For my own interest, I pursued this further beyond the scope of the question:
On my first try, I used some very inaccurate reasoning to actually get a very good result; I found that $(\varepsilon/2)^3$ works incredibly well even outside that interval, and a visual check with Desmos finds only a tiny, tiny sliver for which that $\delta$ fails.
A week later, I realised my derivation was flawed (at least I believe it is flawed), but after a week further still of some attempts to track down the "perfect" $\delta$ (i.e, the largest, or close to largest, $\delta$ such that the uniform continuity condition is satisfied) I have failed, and was hoping someone could help me with the final step I got stuck on below. I have reason to believe this perfect delta exists, as visually my incorrect answer of $(\varepsilon/2)^3$ is very close, and it does seem possible to maximise $\delta$.

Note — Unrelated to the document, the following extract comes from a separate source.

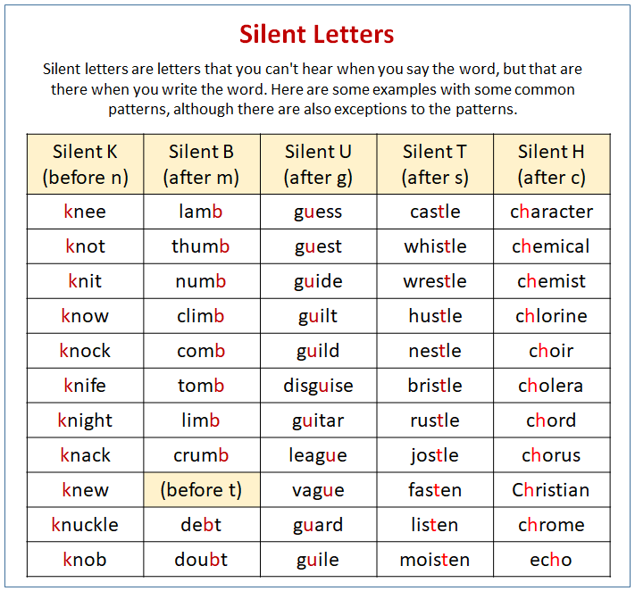 The following diagram shows a list of silent letter words for the silent letters: k, b, u, t, h. Scroll down the page for more examples and explanations when saying words with silent letters.

My attempt to get the tightest inequality possible (the working may seem brief but I have tried and failed with many other approaches, this approach was the most succesful):

Let $a=\sqrt[3]{1-x^2},\,b=\sqrt[3]{1-y^2}$. If $|a-b|\lt\varepsilon$, $|a^3-b^3+3ab(b-a)|\lt\varepsilon^3$, which is always true if $|a^3-b^3|+3|ab||b-a|\lt\varepsilon^3$, and always true if: $|y-x||y+x|+3\varepsilon|ab|\lt\varepsilon^3$ or: $$\frac{\delta}{\varepsilon}|y+x|+3|ab|\lt\varepsilon^2$$

Checking this region graphically, that region does account for the missing piece of the puzzle: finding suitable delta for when $|y|$ and $|x|$ are both the same side of $1$ is straightforward, and the tricky region where it is hardest to squeeze $|a-b|$ below $\varepsilon$ matches the set of points that satisfy the above inequality extremely well. Desmos does have numerical error of course, but it would seem that solving the above inequality give a $\delta$ as good as one can get! After some time, I was not able to push this inequality any further to find a closed form expression for $\delta$ that actually worked. What can I try? Any insights would be appreciated.

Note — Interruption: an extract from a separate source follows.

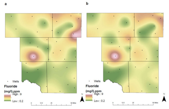 Fluoride (F) is essential for the maintenance and solidification of our bones and to prevent dental decay. It has beneficial effects on teeth and bones when it is present at low concentration in drinking water. Fluoride in water keeps teeth strong and reduces cavities by about 25% in children and adults. However, it may cause mottling of the teeth depending on the concentration, the age of the child, the amount of drinking water consumed, and the susceptibility of the individual [31]. The presence of fluorides in groundwater is most frequently associated with weathering, where water passing through the subsurface encounters fluorine bearing minerals [32]. Through environmental studies of fluoride in the subsurface, there is a direct correlation between mobility of pH and fluoride [24]. Soils that are more acidic allow for an increase in fluoride mobility and leaching, where plant roots may subsequently accumulate the additional fluoride. This characteristic is demonstrated within the agricultural fields of southeast Martin County (Figure 7). In this region, there is a noticeable decrease in the concentration of fluoride between the two different time intervals.

Below is a graph. The dark blue region is the set of all points satisfying $|a-b|\lt\varepsilon$, and that red region is the set of all points satisfying my reduced inequality. On close inspection they appear to match at the boundaries almost as perfectly as numerical precision will allow. The dark lines mark $y,x=1$, and in the bottom left, top right corners I have already solved the task; it is in the bottom right and top left where my inequality (as of yet unsolved) completes the picture.

Note: An empirical search finds $\delta=\varepsilon^3/8.00294102$ to be optimum (Desmos won't let me zoom in any deeper!)

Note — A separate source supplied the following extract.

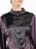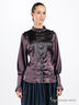 Приталенная блузка из атласной ткани. Воротник-стоечка. На манишке нежная рюша. Рукава- удлиненные фонарики. Декоративная отделка манжет.

 A: You could turn this into a calculus problem. Let $f(x) = \sqrt[3]{1-x^2}$ and $\varepsilon > 0$ be given. First, you have  $f''(x) < 0$ on the whole of $[-1,1]$ and so $g(x) = f'(x)$ is a decreasing function. You can also assume without loss of generality, $x < y$ and $y-x = \delta.$ Then, you can consider:
$$h(\delta) = \max\limits_{x\in[-1, 1-\delta]}|f(x) - f(x+\delta)|\quad  (1)$$
and then solve for:
$$h(\delta) = \varepsilon,$$
which would give some cubic equation in terms of $\delta.$ Note that $(1)$ needs to be divided in cases since $f$ is increasing on $[-1,0]$ and decreasing on $[0,1].$ Therefore you have three separate cases to consider:
$$\begin{cases}0\leq x<x+\delta\leq 1\\
-1\leq x<0\leq x+\delta\leq 1\\
-1\leq x<x+\delta\leq 0\end{cases}.$$
For example, I will do the first case here. Since $f$ is decreasing on $[0,1],$ we have $|f(x) - f(x+\delta)| = f(x)-f(x+\delta)$ and its derivative:
$$f'(x) - f'(x+\delta) > 0$$
since $f'(x)$ is also a decreasing function. Therefore, the maximum is attained at $x = 1-\delta:$
$$h(\delta) = f(1-\delta)-f(1) = \sqrt[3]{1-(1-\delta)^2}.$$
This would imply that for the first case, you get a your tightest possible $\delta$ as:
$$\delta(\varepsilon) = 1 - \sqrt{1-\varepsilon^3}.$$ Then, you can do the remaining two cases and find a single answer.